Recycling of products of nucleotide metabolism from diet and degradative pathways, occurs mainly in the extrahepatic tissue, in contrast to de novo pathway which occurs in liver. De novo synthesis of nucleotides does not take place in brain and erythrocytes, making salvage pathway indispensable for them
The salvage pathway requires no ATP and accounts for 90% of nucleotide biosynthesis.

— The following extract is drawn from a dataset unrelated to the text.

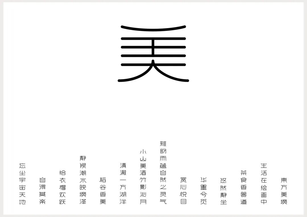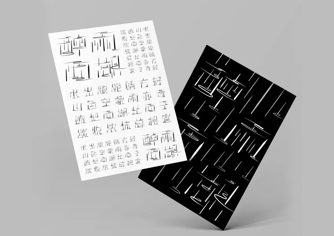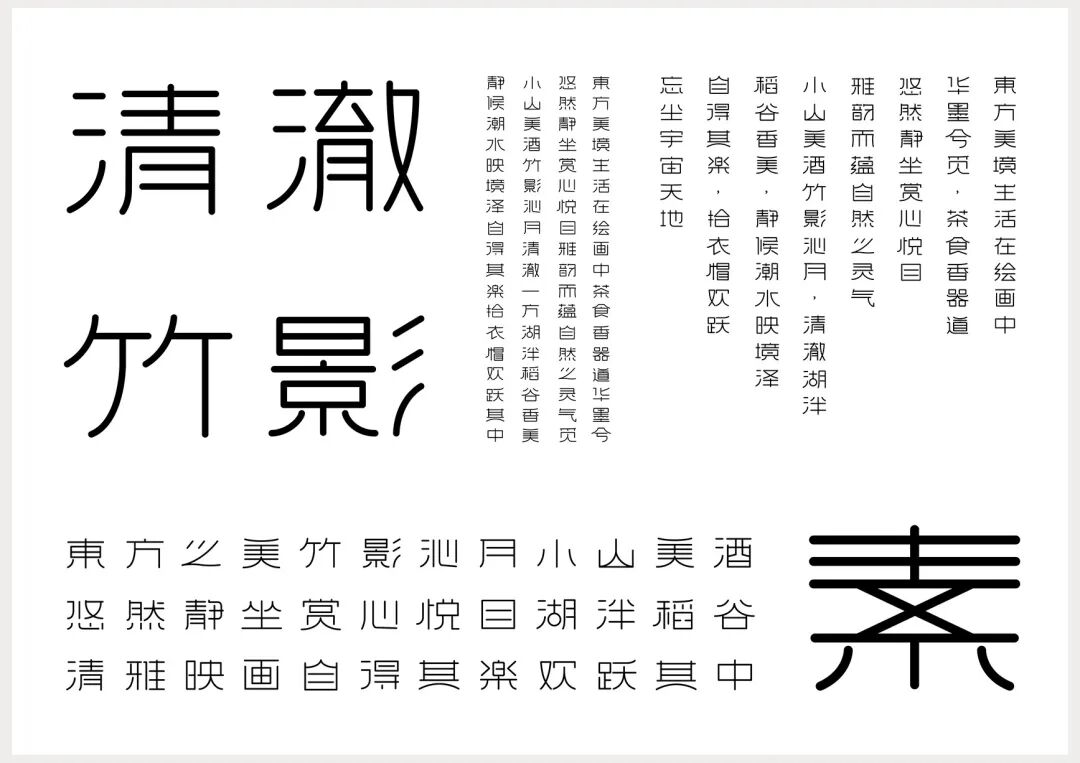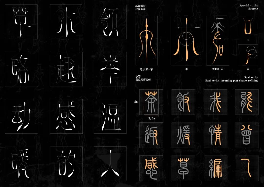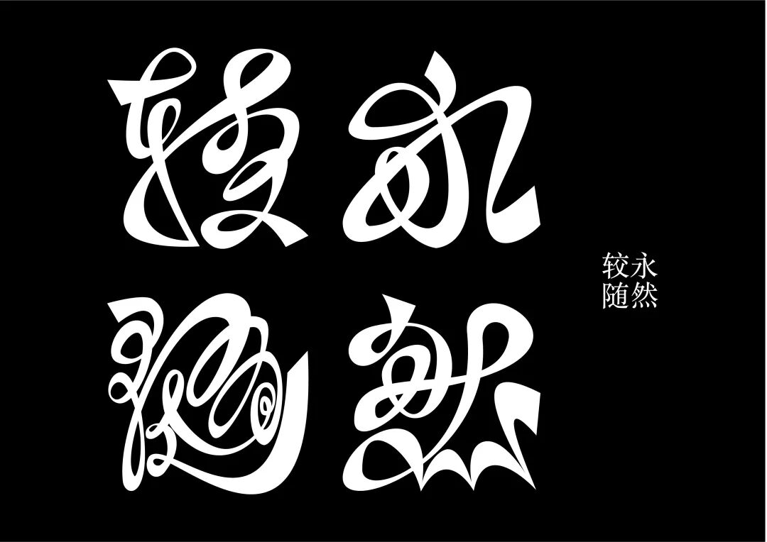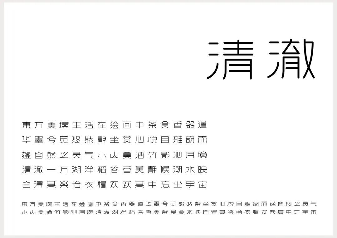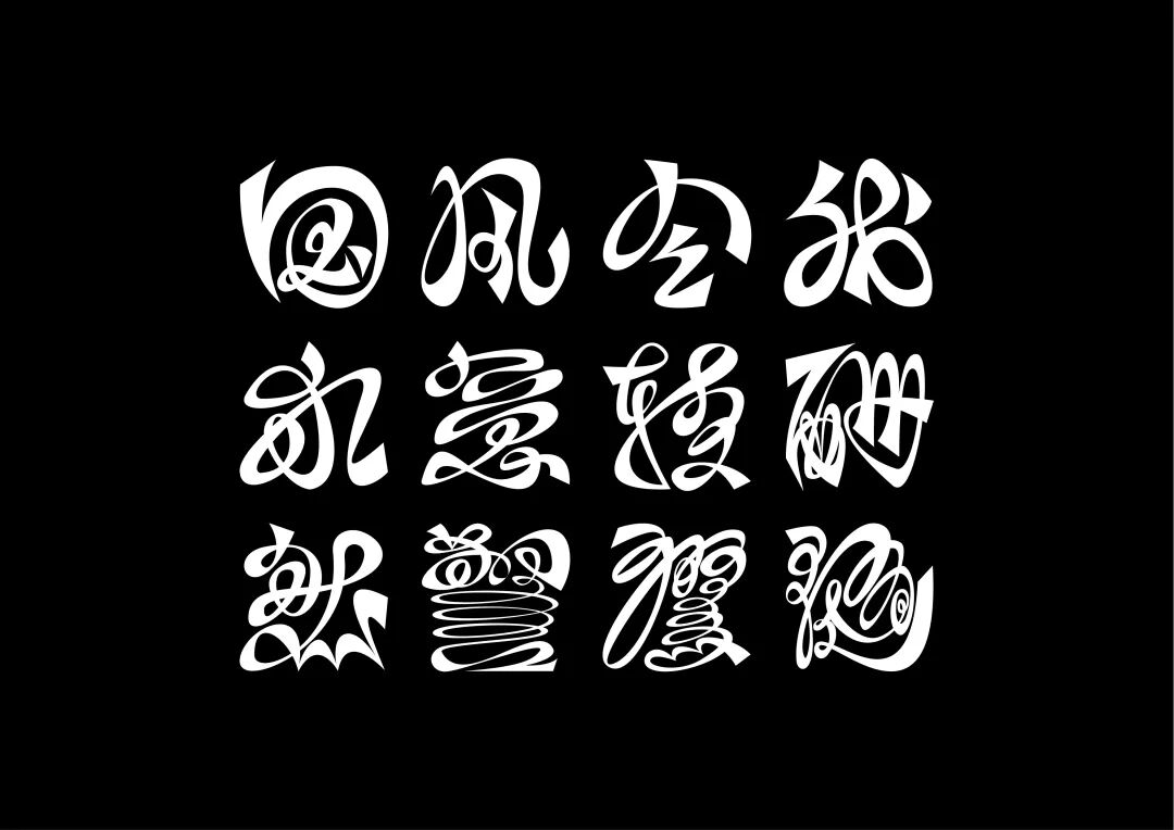 The font is inspired by the "one-stroke drawing" I played in my childhood. The style is combined with the traditional Chinese "charm" drawing method to highlight the softness and beauty of the combined strokes of Chinese characters. At the same time, sharp strokes are also integrated into the starting strokes and turning points. In terms of the overall shape, the design idea of "drawing to rule characters" is determined, which not only retains the necessary identification of characters, but also combines some strokes with cursive script to simplify the complex, so that the overall vision has a sense of flexibility, softness and striking simplicity." In the structure of the text, the "square" characteristics of Chinese characters are deliberately highlighted, and each font is expanded into a square grid by means of denaturalization and appropriate stretching, so as to make the overall vision more unified.

HGPRT is the most important salvage enzyme. Its regulation occurs by competitive inhibition by IMP and GMP.
APRT is inhibited by AMP.
Excess pyrimidine degradation occurs during fast cell destruction as in leukemia or in patients undergoing radiation therapy. Fortunately, degradation products of pyrimidine catabolism (malonate and methylmalonate) are more soluble than those produced by purine degradation. Therefore, they are easily excreted in urine and there is no known complication analogous to gout caused due to pyrimidine catabolism.
Allopurinol is oxidized by Xanthine dehydrogenase/oxidase to oxypurinol, an inhibitor of Xanthine dehydrogenase
LNS patients may also have mutations in APRTase and IMP dehydrogenase gene. As GTP and Hypoxanthine are not salvaged, PRPP is not consumed, and de novo synthesis of purine nucleotides is not shut down. GTP is a precursor of Tetrahydrobiopterin, a precursor for neurotransmitter biosynthesis. Lack of GTP therefore has neurological manifestations. Treatment of LNS patient with allopurinol decreases the amount of uric acid formed.
Nucleoside triphosphate phosphatase and nucleoside diphosphate kinase enzyme pair catalyzes the reversible conversion of CDP and CTP as well as UDP and UTP. Similarly, cytidylate/uridylate kinase and nucleoside diphosphate phosphatase catalyze reversible conversion of CDP and CMP as well as UDP and UMP.